Problem statement: Restate, word for word and with no pictures, the stretch of lines in the data below that begins at the line with "3. Pour visualiser" and ends at the line with "床頭背景墻清秋胡桃護(hù)", inclusive.

Record extracts:

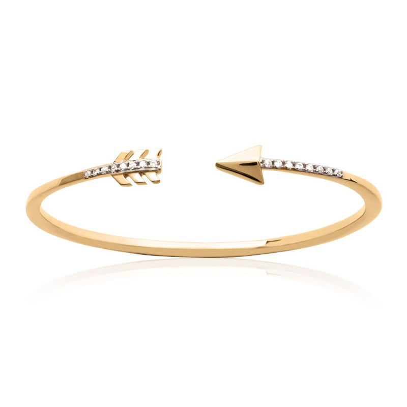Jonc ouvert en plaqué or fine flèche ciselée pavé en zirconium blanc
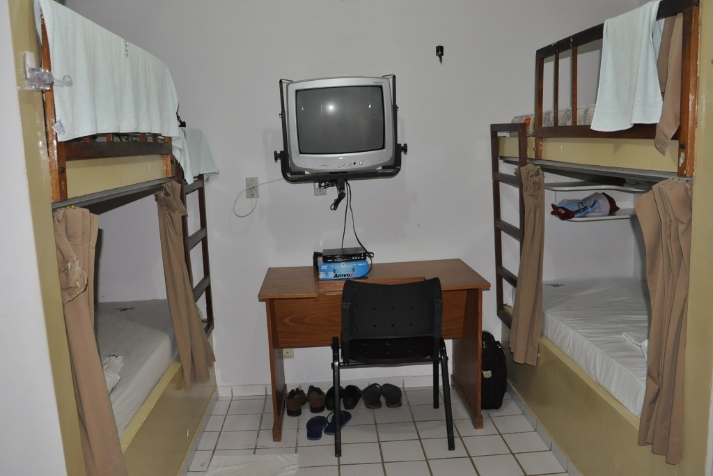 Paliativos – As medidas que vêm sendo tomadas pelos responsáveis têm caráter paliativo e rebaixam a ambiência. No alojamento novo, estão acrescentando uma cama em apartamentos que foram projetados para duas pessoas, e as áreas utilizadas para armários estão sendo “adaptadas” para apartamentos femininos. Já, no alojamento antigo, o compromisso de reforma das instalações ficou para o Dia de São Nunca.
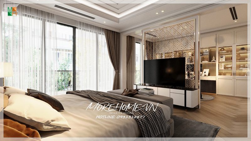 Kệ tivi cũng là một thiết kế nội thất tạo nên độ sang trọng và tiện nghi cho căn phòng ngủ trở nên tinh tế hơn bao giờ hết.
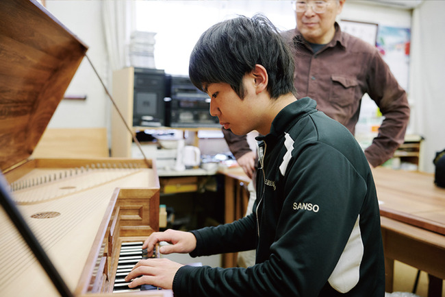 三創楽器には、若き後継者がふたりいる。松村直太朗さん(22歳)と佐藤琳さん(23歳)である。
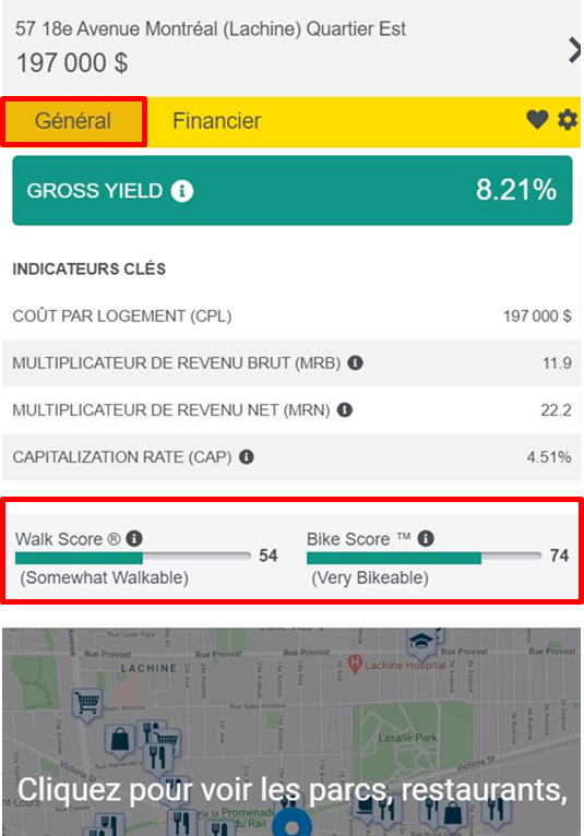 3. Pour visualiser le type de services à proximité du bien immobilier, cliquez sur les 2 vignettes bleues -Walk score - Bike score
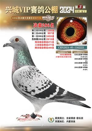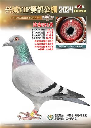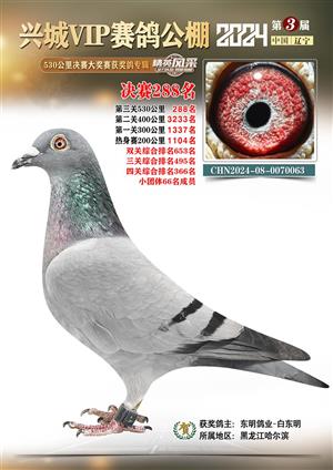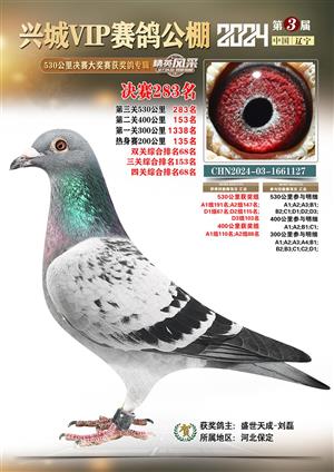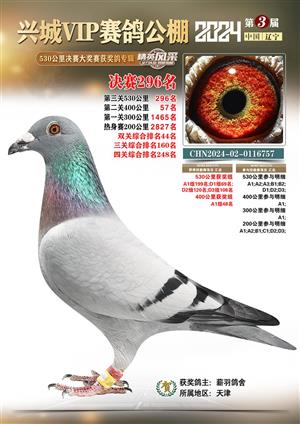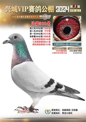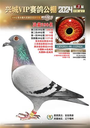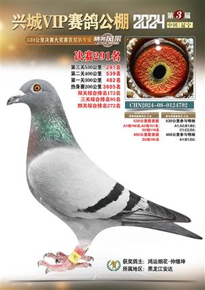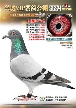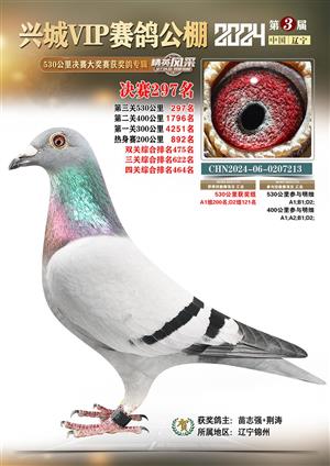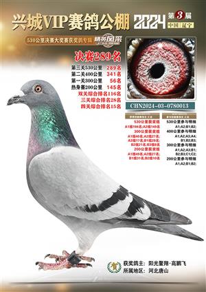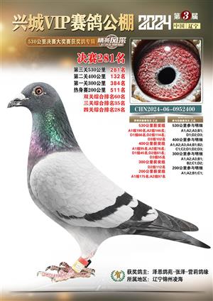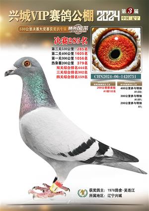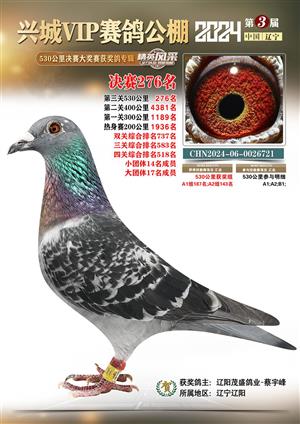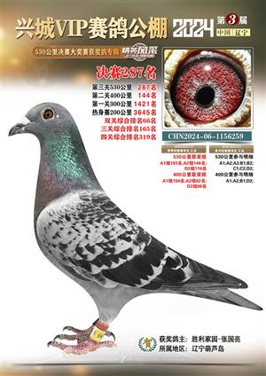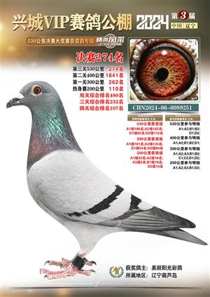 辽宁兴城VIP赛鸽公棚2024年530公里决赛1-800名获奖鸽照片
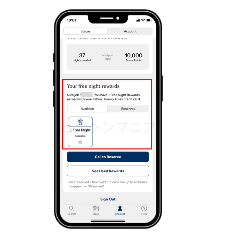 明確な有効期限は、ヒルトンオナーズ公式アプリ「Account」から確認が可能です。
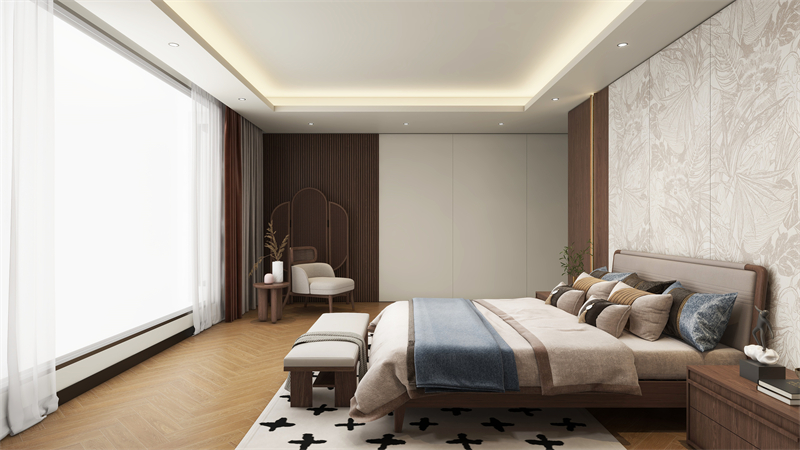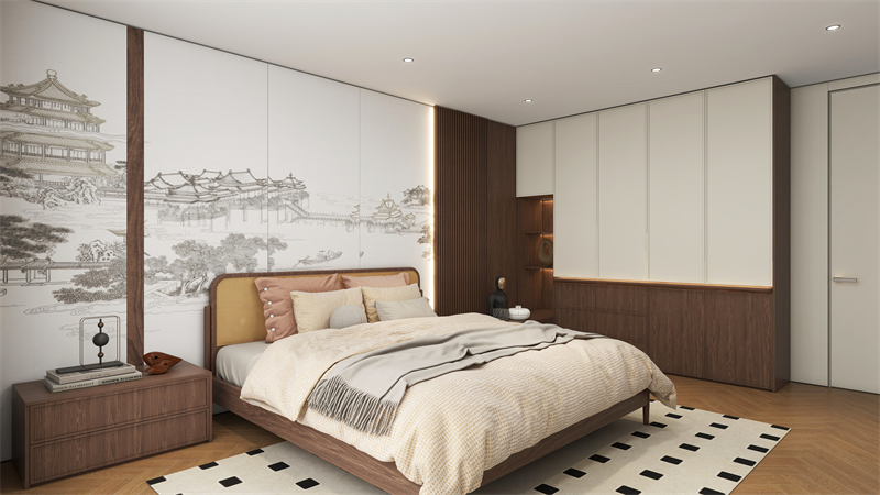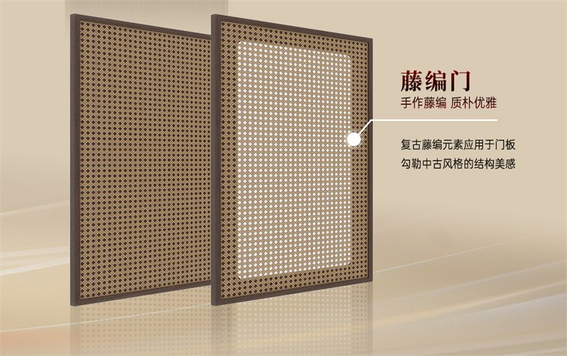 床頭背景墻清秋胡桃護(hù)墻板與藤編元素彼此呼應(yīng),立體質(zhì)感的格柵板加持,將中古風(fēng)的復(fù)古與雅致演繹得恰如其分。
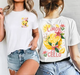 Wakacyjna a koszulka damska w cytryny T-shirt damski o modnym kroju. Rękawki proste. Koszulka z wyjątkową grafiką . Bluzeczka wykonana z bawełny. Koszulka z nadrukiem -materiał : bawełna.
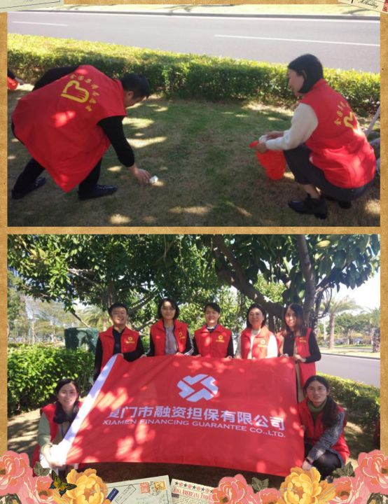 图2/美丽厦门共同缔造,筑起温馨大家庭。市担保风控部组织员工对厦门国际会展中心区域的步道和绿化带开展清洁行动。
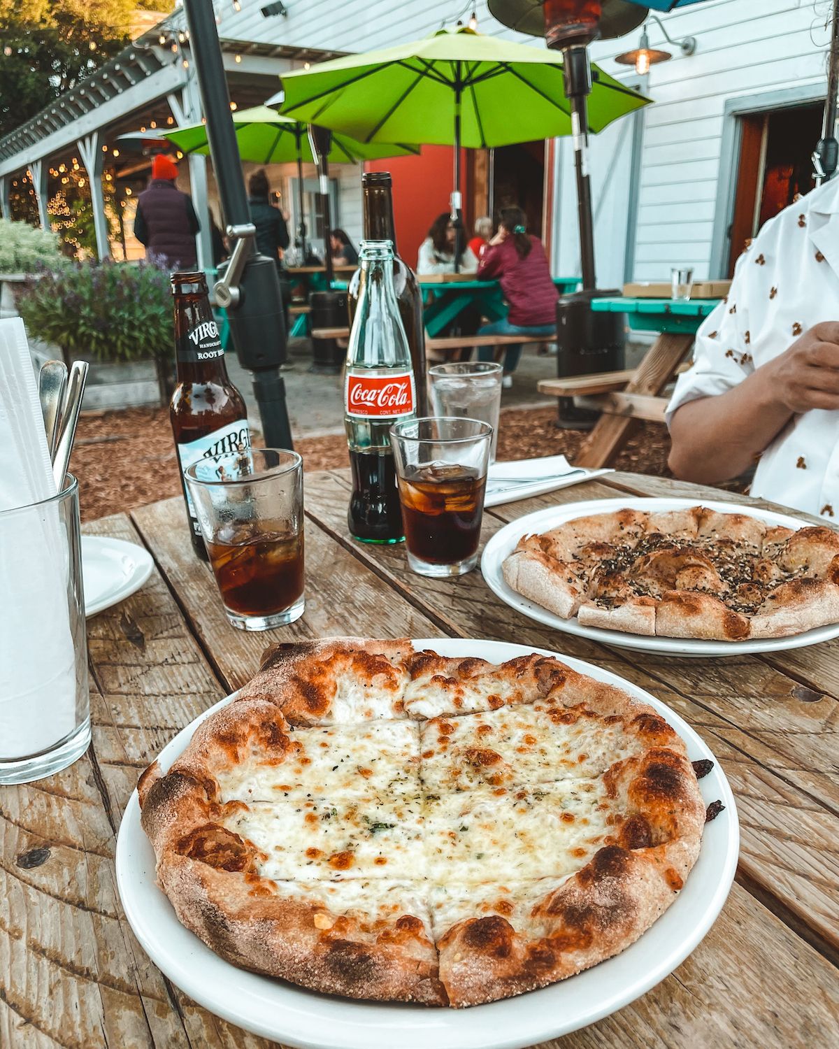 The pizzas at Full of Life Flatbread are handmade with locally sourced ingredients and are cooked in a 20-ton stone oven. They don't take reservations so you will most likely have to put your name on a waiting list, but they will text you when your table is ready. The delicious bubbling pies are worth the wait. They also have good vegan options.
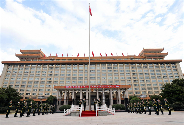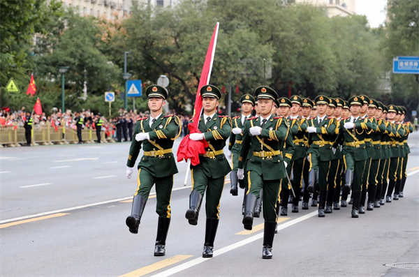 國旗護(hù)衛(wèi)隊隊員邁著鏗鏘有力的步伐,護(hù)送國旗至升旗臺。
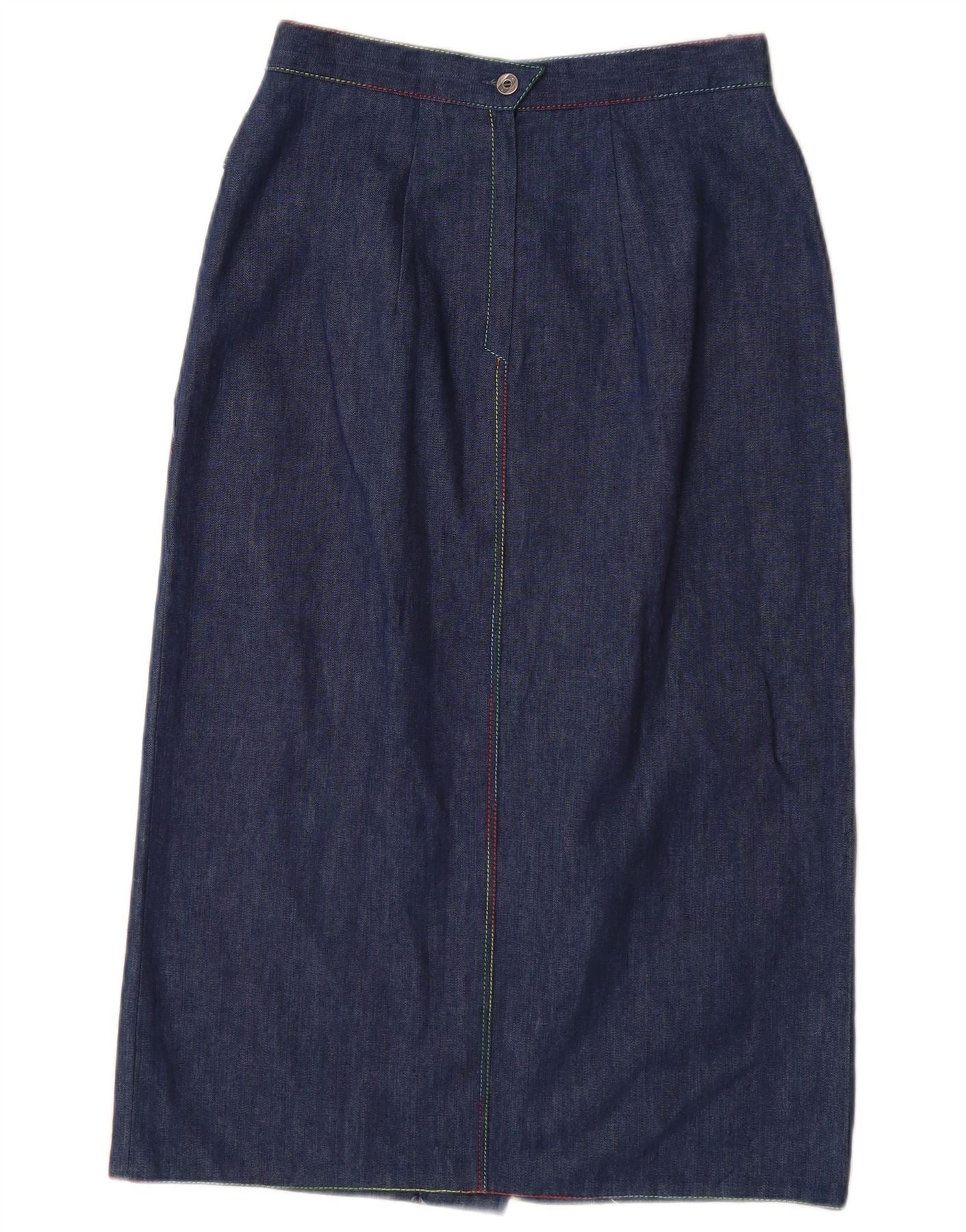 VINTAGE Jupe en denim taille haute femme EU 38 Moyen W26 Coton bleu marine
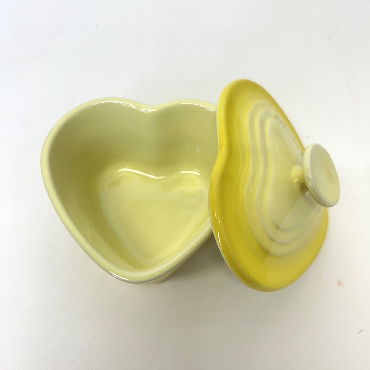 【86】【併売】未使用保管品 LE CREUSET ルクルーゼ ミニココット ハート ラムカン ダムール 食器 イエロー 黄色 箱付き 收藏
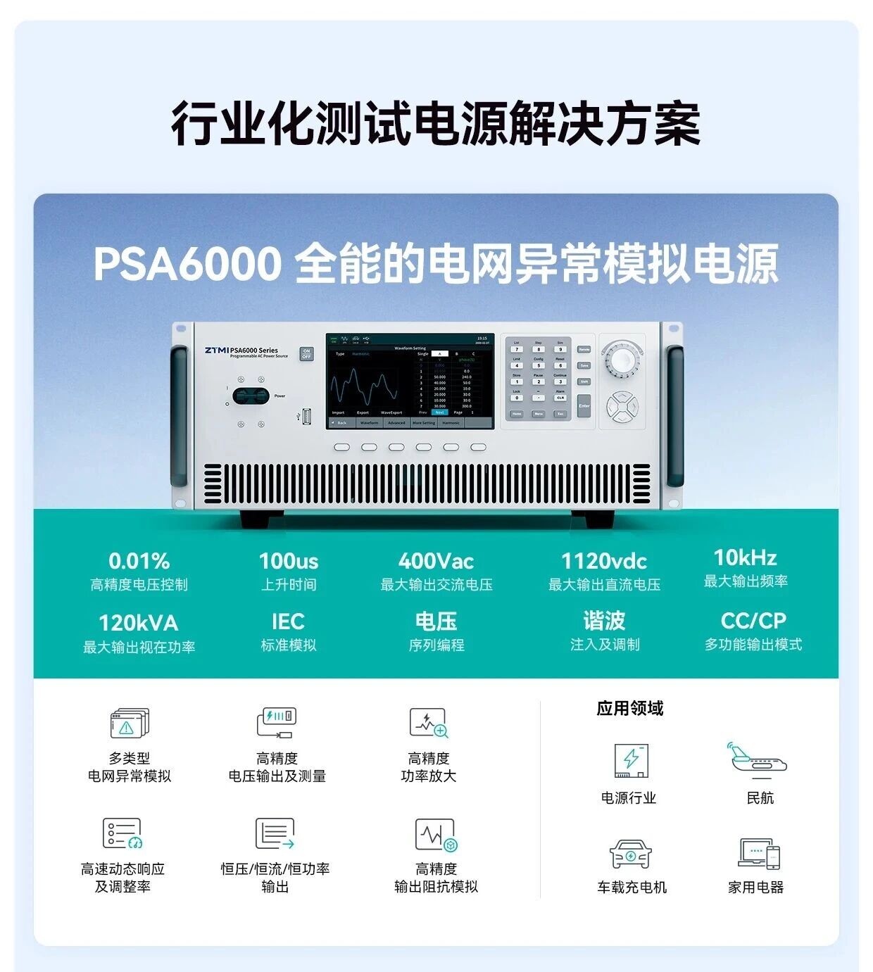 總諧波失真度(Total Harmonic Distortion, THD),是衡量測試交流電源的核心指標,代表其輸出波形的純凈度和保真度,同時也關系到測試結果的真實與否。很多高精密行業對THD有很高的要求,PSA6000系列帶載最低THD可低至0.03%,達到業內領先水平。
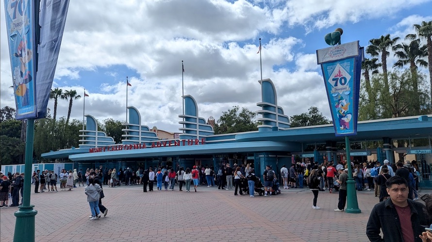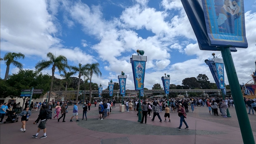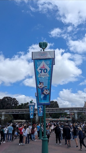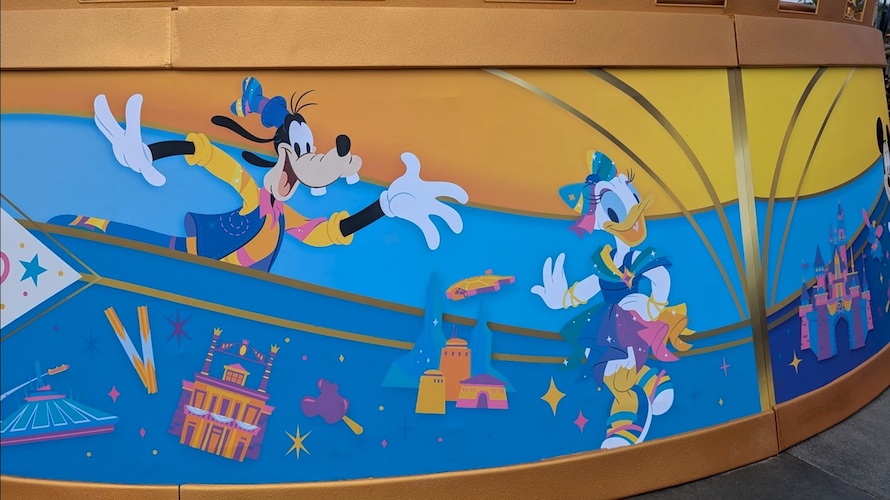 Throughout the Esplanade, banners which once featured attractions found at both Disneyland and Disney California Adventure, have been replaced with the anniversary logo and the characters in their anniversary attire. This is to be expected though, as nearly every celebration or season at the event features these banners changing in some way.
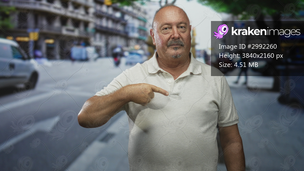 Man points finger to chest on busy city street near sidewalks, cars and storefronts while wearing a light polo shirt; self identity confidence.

Solution to the problem:
 3. Pour visualiser le type de services à proximité du bien immobilier, cliquez sur les 2 vignettes bleues -Walk score - Bike score
 辽宁兴城VIP赛鸽公棚2024年530公里决赛1-800名获奖鸽照片
 明確な有効期限は、ヒルトンオナーズ公式アプリ「Account」から確認が可能です。
 床頭背景墻清秋胡桃護(hù)墻板與藤編元素彼此呼應(yīng),立體質(zhì)感的格柵板加持,將中古風(fēng)的復(fù)古與雅致演繹得恰如其分。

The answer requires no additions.